_EXERCISE DATA_.
━━━━━━━━━━━━━━━━━━━━

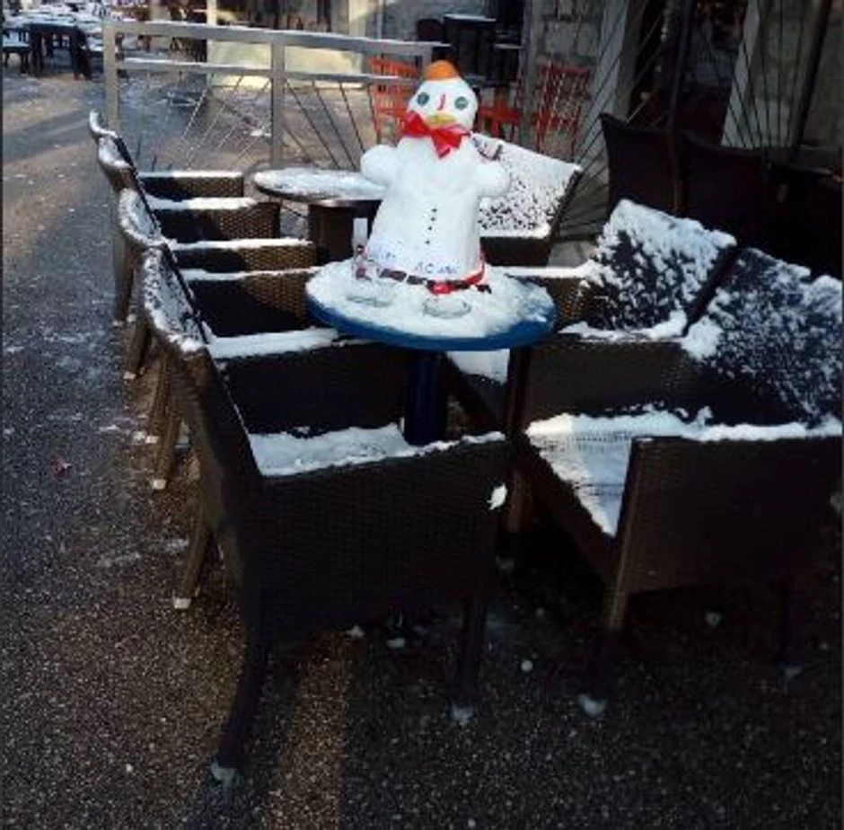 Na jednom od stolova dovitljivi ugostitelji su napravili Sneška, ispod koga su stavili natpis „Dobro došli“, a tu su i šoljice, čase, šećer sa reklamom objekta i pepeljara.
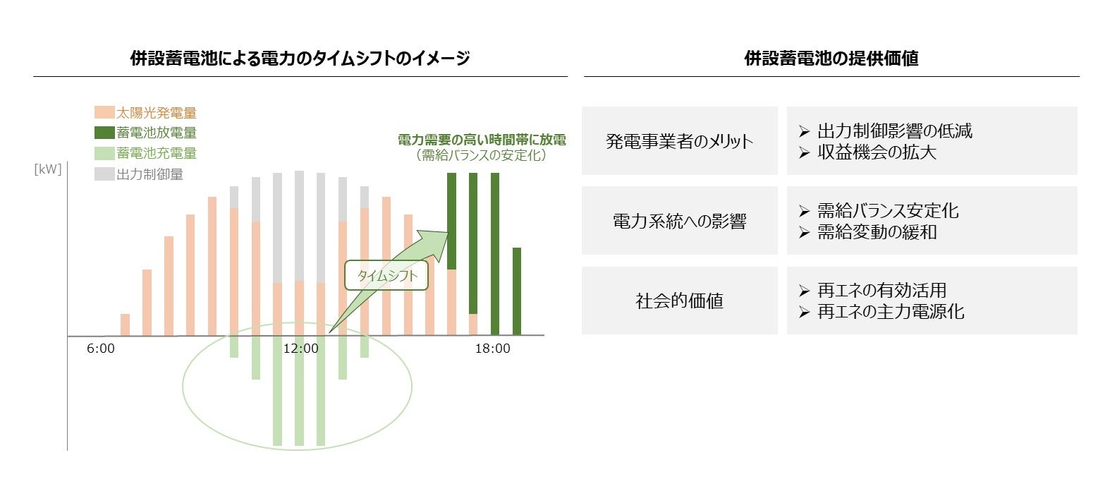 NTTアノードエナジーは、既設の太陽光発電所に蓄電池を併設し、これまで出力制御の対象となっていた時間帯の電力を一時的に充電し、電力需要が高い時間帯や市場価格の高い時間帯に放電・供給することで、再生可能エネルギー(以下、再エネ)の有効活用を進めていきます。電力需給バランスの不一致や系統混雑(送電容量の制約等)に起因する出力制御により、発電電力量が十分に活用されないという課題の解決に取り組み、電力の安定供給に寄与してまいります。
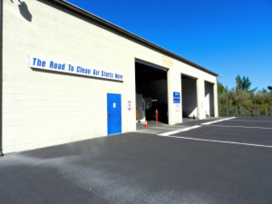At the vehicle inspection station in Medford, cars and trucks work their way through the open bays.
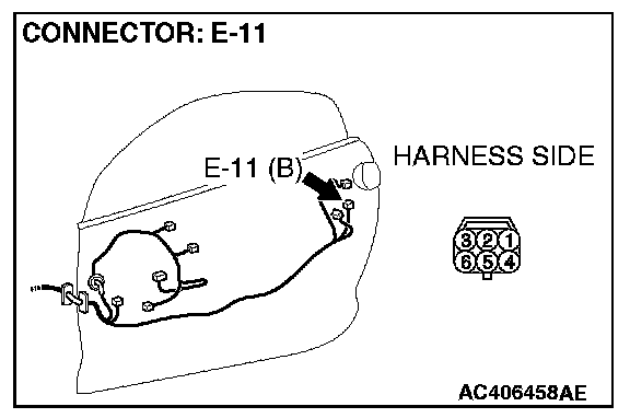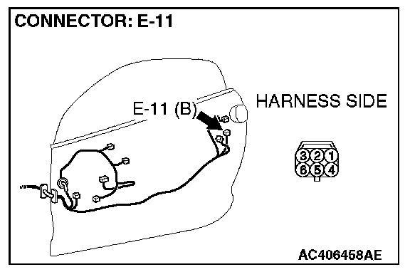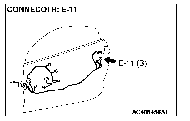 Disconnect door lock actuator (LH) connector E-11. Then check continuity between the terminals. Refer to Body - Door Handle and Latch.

━━━━━━━━━━━━━━━━━━━━

_ASSIGNED TASK_. Would you reproduce the lines above exactly, without carrying over the pictures?

_RESULT OF THE EXERCISE_.
 Na jednom od stolova dovitljivi ugostitelji su napravili Sneška, ispod koga su stavili natpis „Dobro došli“, a tu su i šoljice, čase, šećer sa reklamom objekta i pepeljara.
 NTTアノードエナジーは、既設の太陽光発電所に蓄電池を併設し、これまで出力制御の対象となっていた時間帯の電力を一時的に充電し、電力需要が高い時間帯や市場価格の高い時間帯に放電・供給することで、再生可能エネルギー(以下、再エネ)の有効活用を進めていきます。電力需給バランスの不一致や系統混雑(送電容量の制約等)に起因する出力制御により、発電電力量が十分に活用されないという課題の解決に取り組み、電力の安定供給に寄与してまいります。
At the vehicle inspection station in Medford, cars and trucks work their way through the open bays.
 Disconnect door lock actuator (LH) connector E-11. Then check continuity between the terminals. Refer to Body - Door Handle and Latch.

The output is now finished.